* _What you have to do_
All that is wanted is the exact lines from the first line of the data below through the line with "Що далі очікувати", both ends included, with pictures omitted.

* _Source records_
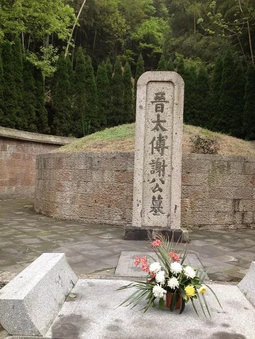 谢安墓前立有一通“无字碑”。有人认为他主持淝水之战,击败了不可一世的符坚及其80万大军,保住了岌岌可危的东晋半壁江山,功比天高,用文字已不足以表达对他的纪念。另有野史说,谢安病危之际,有人问他去世后请谁撰写碑文,谢不语。别人提及陶渊明和王献之,谢也摇头,以至于碑文空缺。清代学者梁绍王说:“谢太傅墓碑无字,丰功伟绩不胜记也。”今也有学者认为谢安的无字碑乃政治原因,因为当时司马家族掌国家大权,非皇族的谢安若被高度赞扬,必遭记恨;若碑文不能实事求是,则愧对谢安在天之灵,且无法向后人交代,口欲言而嗫嚅,无字碑遂成为回避矛盾的产物。
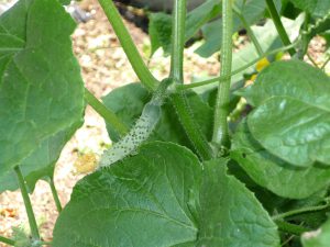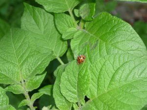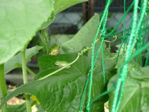 くろーばーの畑の様子です。じゃがいもの葉っぱを独り占めしてモリモリ食べているテントウムシ発見\(◎o◎)/!  日陰になっているキュウリの葉っぱで涼んでいる小さなカエル発見\(◎o◎)/!  キュウリのつるもネットに必死で絡みつこうとしていました。たくさん実をつけ始めています。きゅうりもみ、たくさん食べてくださいね(´~`)モグモグ
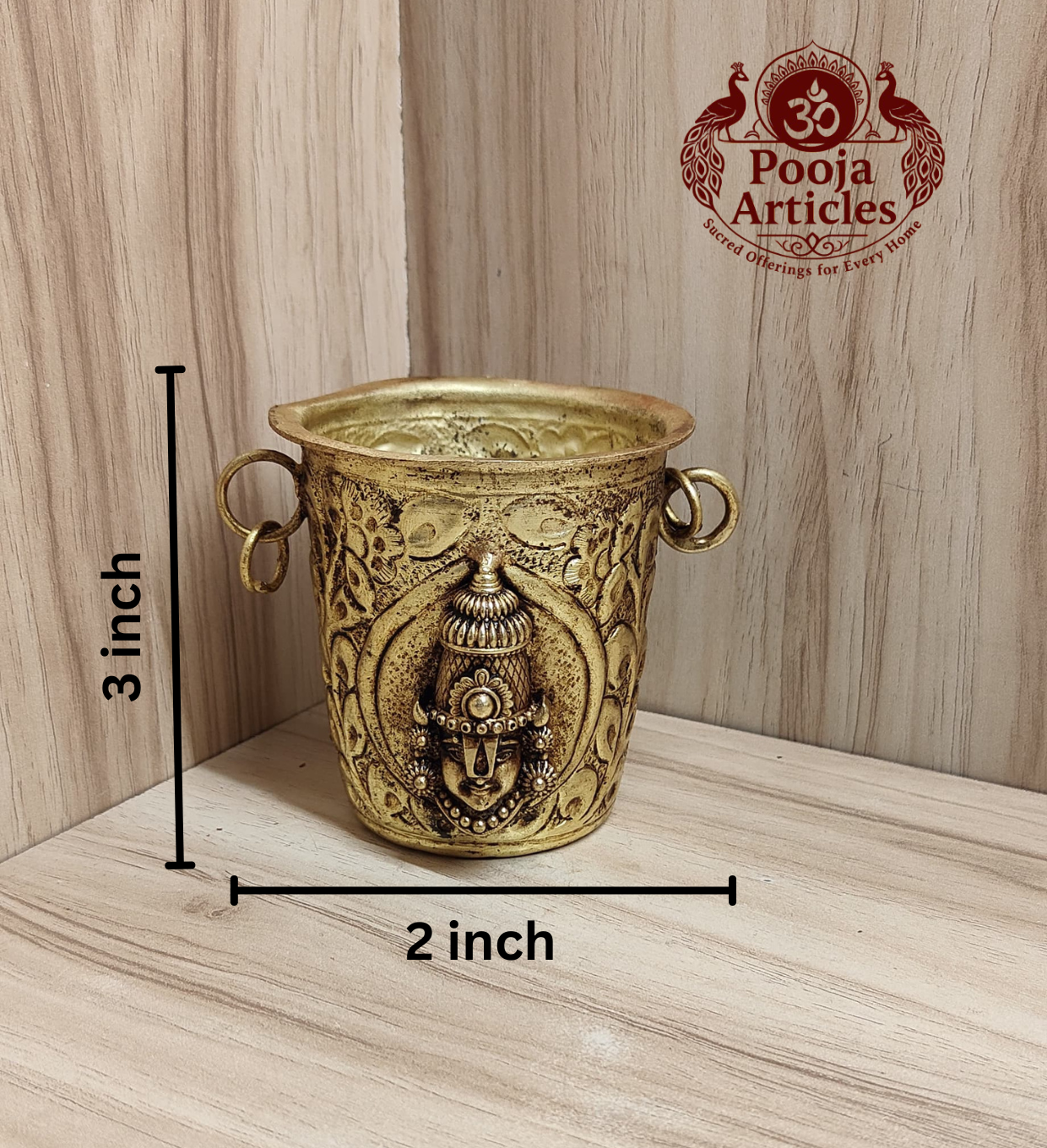 The Brass Tirupati Balaji Glass is designed with precise dimensions for easy use and spiritual functionality.
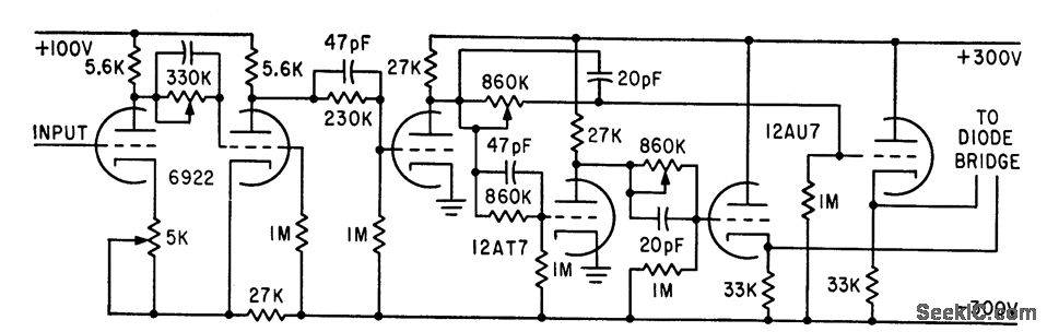 Schmitt trigger acts as comparator about 0 v and provides input to two pulse amplifiers. Cathode followers furnish push-pull output at low impedance necessary to drive a 6AL5 diode bridge. Permits two sampled-hold circuits to be run as memory pair in analog computer.-T. A. Brubaker, Precision Analog Memory has Extended Frequency Response, Electronics, 34:39, p 141-143.
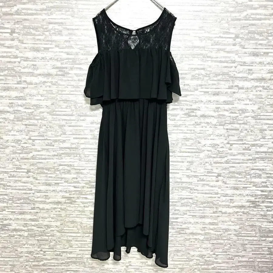 가슴 부분은 레이스 절개로 되어 있으며, 오픈 숄더 스타일의 디자인과 비대칭 밑단이 특징입니다.
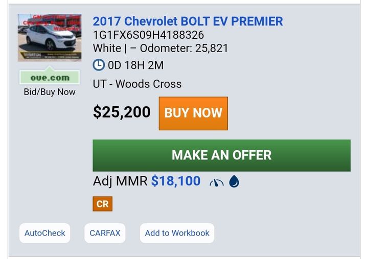 Що далі очікувати від ринку вживаних Chevrolet Bolt EV?Ринок вже починає реагувати зростанням цін на всі модельні роки. От і приклад, при оціночній вартості в $18.000 продавець просить за вживане авто 2017 року – $25.000.
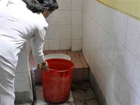 | Xô nước ở nhà vệ sinh Trường Tư thục Hạnh Phước (Ảnh: Tiền phong) |
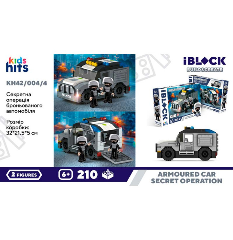 Конструктор IBLOCK Build & Create "Секретная операция бронеавтомобиля" (артикул KH42/004/4) состоит из 210 деталей и включает две фигурки.
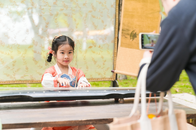 “以前的小朋友都很斯文,拍照不会比‘耶’。”杜安然是温州瓦市小学(育英校区)一年级的学生,身穿汉服的他在市集区不同的非遗手工摊位前拍照打卡。在妈妈的提醒下,他将刚伸出去的两根手指又偷偷地缩了回来,然后藏在身后。“平时孩子学习比较忙,放假就应该出来好好玩,刚才他还一个劲地说好玩、很有意思。其实,不只是他,我也觉得好玩,到这里可以拍各种照片,还能让孩子更好地了解温州的历史文化,可以说是一举多得。”
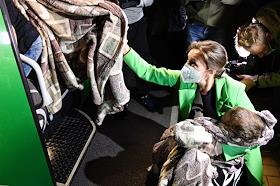 Первый вывозной рейс Министерства обороны России после перерыва, связанного с пандемией COVID-19. Уполномоченный при президенте России по правам ребенка Анна Кузнецова (слева) во время встречи российских детей из Сирии, находившихся в приютах Дамаска, на аэродроме Чкаловский.
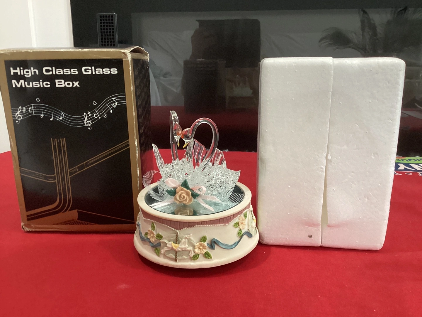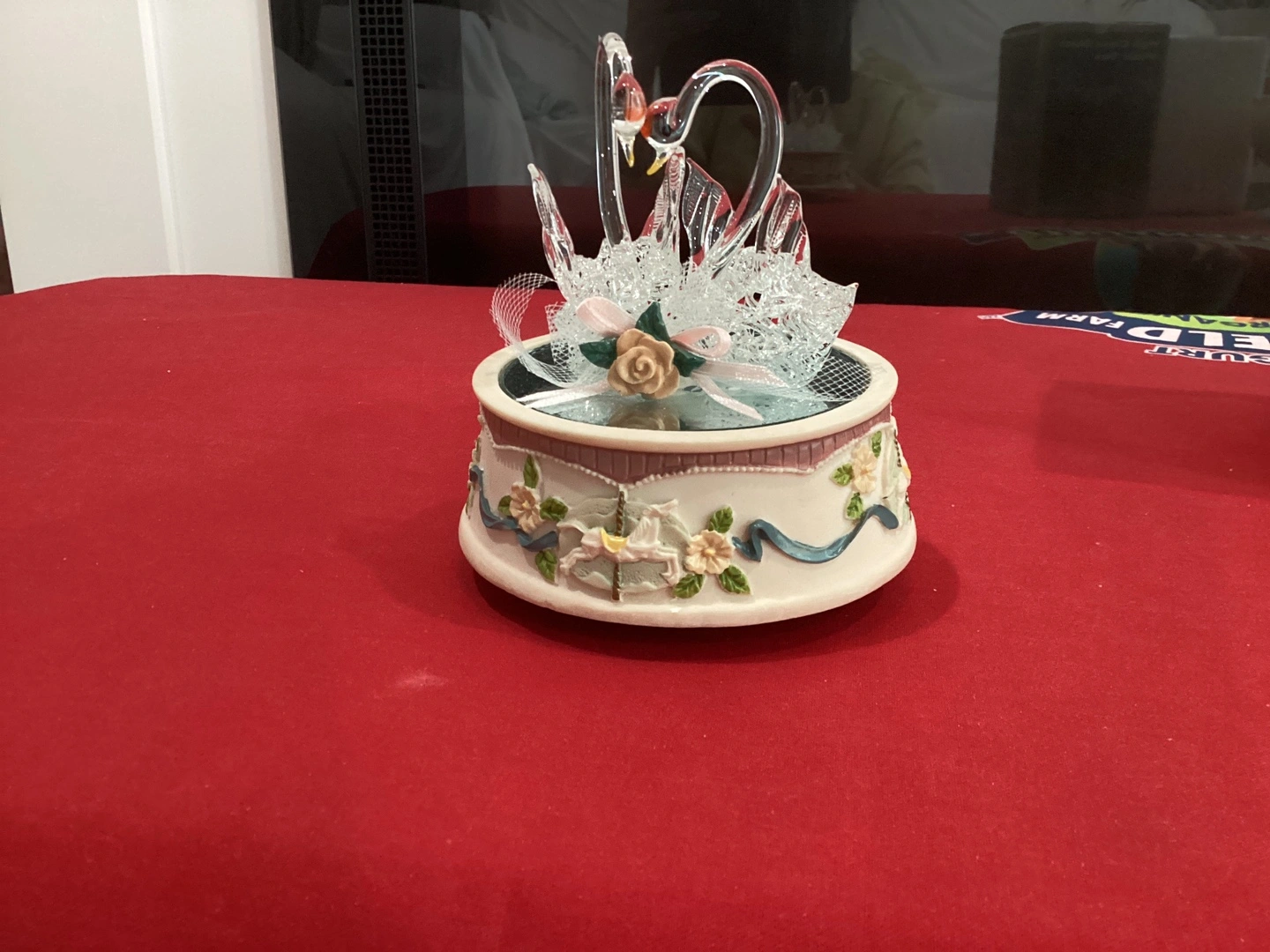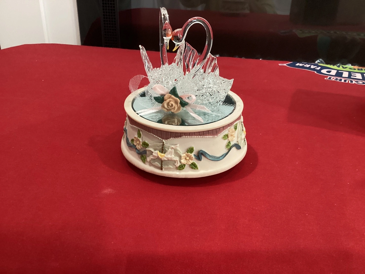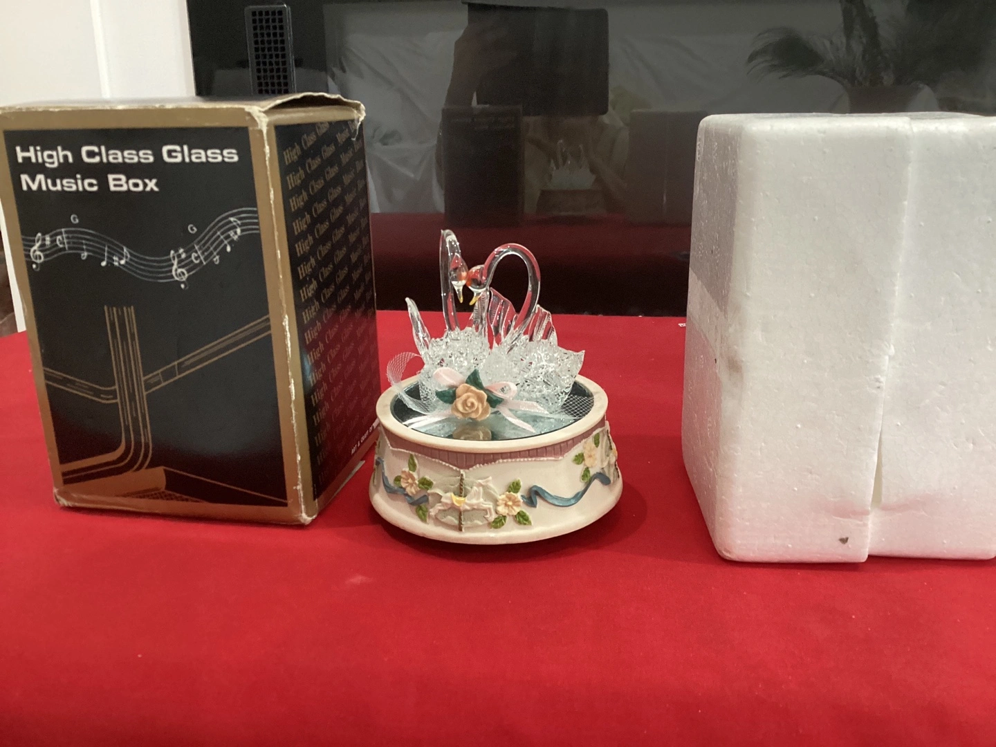 Selling a beautiful glass swan music box! It's in great condition and comes with its original box. The swans are made of clear glass, and the base is decorated with flowers and a ribbon. It would make a lovely addition to any room!
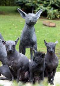 Algunos de los perros xoloitzcuintle, que pueden observarse en el Museo Dolores Olmedo, descansan frente a una escultura FOTO Yazm�Ortega Cort�
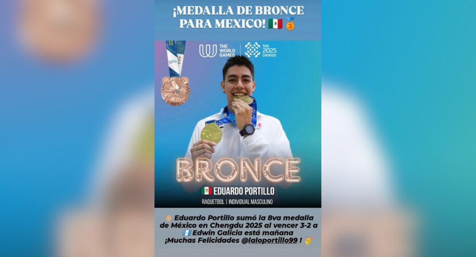 El racquetbolista potosino Eduardo Portillo coronó su actuación en los World Games en Chengdu, China, conquistando la medalla de bronce.
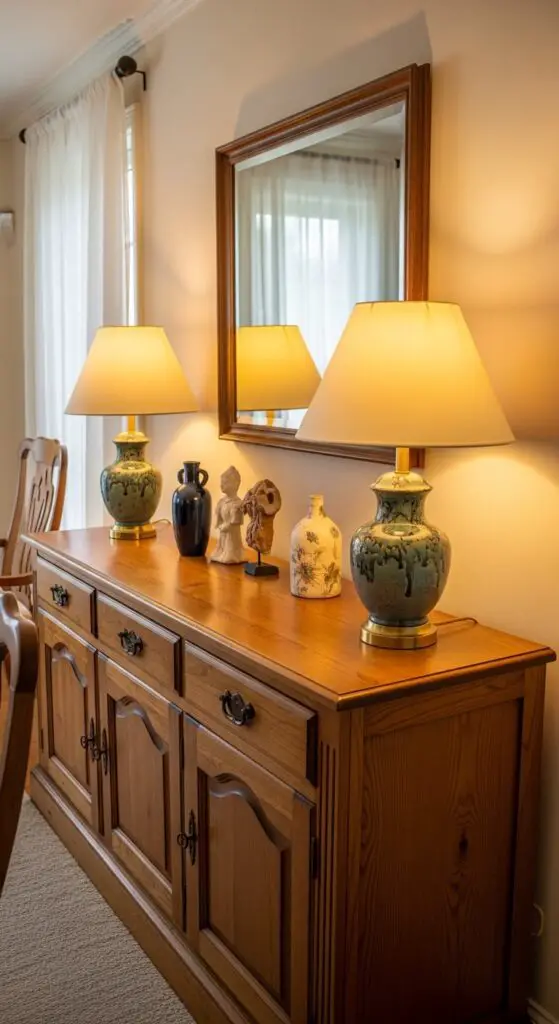 Table lamps metamorphose your buffet from merely functional furniture into a welcoming focal point that radiates sophistication throughout your dining space. When you place table lamps strategically on either end of your buffet, you’ll create perfect symmetry while providing gentle illumination for evening gatherings.

* _Solution to the problem_
 谢安墓前立有一通“无字碑”。有人认为他主持淝水之战,击败了不可一世的符坚及其80万大军,保住了岌岌可危的东晋半壁江山,功比天高,用文字已不足以表达对他的纪念。另有野史说,谢安病危之际,有人问他去世后请谁撰写碑文,谢不语。别人提及陶渊明和王献之,谢也摇头,以至于碑文空缺。清代学者梁绍王说:“谢太傅墓碑无字,丰功伟绩不胜记也。”今也有学者认为谢安的无字碑乃政治原因,因为当时司马家族掌国家大权,非皇族的谢安若被高度赞扬,必遭记恨;若碑文不能实事求是,则愧对谢安在天之灵,且无法向后人交代,口欲言而嗫嚅,无字碑遂成为回避矛盾的产物。
 くろーばーの畑の様子です。じゃがいもの葉っぱを独り占めしてモリモリ食べているテントウムシ発見\(◎o◎)/!  日陰になっているキュウリの葉っぱで涼んでいる小さなカエル発見\(◎o◎)/!  キュウリのつるもネットに必死で絡みつこうとしていました。たくさん実をつけ始めています。きゅうりもみ、たくさん食べてくださいね(´~`)モグモグ
 The Brass Tirupati Balaji Glass is designed with precise dimensions for easy use and spiritual functionality.
 Schmitt trigger acts as comparator about 0 v and provides input to two pulse amplifiers. Cathode followers furnish push-pull output at low impedance necessary to drive a 6AL5 diode bridge. Permits two sampled-hold circuits to be run as memory pair in analog computer.-T. A. Brubaker, Precision Analog Memory has Extended Frequency Response, Electronics, 34:39, p 141-143.
 가슴 부분은 레이스 절개로 되어 있으며, 오픈 숄더 스타일의 디자인과 비대칭 밑단이 특징입니다.
 Що далі очікувати від ринку вживаних Chevrolet Bolt EV?Ринок вже починає реагувати зростанням цін на всі модельні роки. От і приклад, при оціночній вартості в $18.000 продавець просить за вживане авто 2017 року – $25.000.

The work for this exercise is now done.